What annoyed you about league?
me :
- shift from mix of game styles to focus on skill shots, multi flashs, and globals tp
particularly the multi-flash it just ruined the coordination
- always same map
a random map generator would be easy to make. One thing i loved when I 1st played league was getting lost in the jungle.

other minor things. When they started reworking the control panels every patch I realised riot had 100 idle staff that they couldn't get rid of so were giving them pointless jobs.

what I'd like to see in our clone
- random map
- major brainstorm to make very different play styles.

sign up on this thread. State your coding skills, which language u want and what you'd like to contribute. All welcome.



anyone up for it? or am i just an oldman reminiscing about a community spirit and energy that no longer exists?
oh well at least i tried.

meems

whats your preferred\recommend network protocol \ framework for indie network games?
never touched networking before. Am just learning tcp and udp networks, and am becoming aware that it can be very difficult & involved to manage realtime game states when the network lags or data goes missing.

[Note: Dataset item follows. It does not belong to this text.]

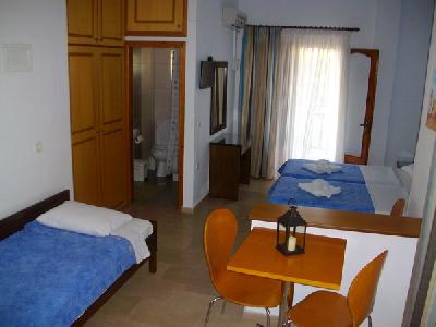 Approx. 70 m from sandy beach is located the hotel Pella House. The city Pefkohori is approx. 300 m away. The nearest shopping facilities are located approx. 50 m from the hotel, a supermarket can be reached after around 20 m. It is only 100 m from the hotel to the nearest bars and restaurants. Also the nearest disco is around 100 m away. For mobility during your holiday, there are a taxi rank (around 60 m away) anda bus stop (approx. 20 m away). For medical treatment in emergencies there is a hospital around 80 km away. The airport (SKG) is approx. 95 km away.

I figure there must be some refined framework everyone uses.

RonTek

Quote from: meems on December 16, 2017, 03:56:37
whats your preferred\recommend network protocol \ framework for indie network games?
never touched networking before. Am just learning tcp and udp networks, and am becoming aware that it can be very difficult & involved to manage realtime game states when the network lags or data goes missing. I figure there must be some refined framework everyone uses.

Hey meems, if you're talking about desktop only and standard multiplayer, here's a few..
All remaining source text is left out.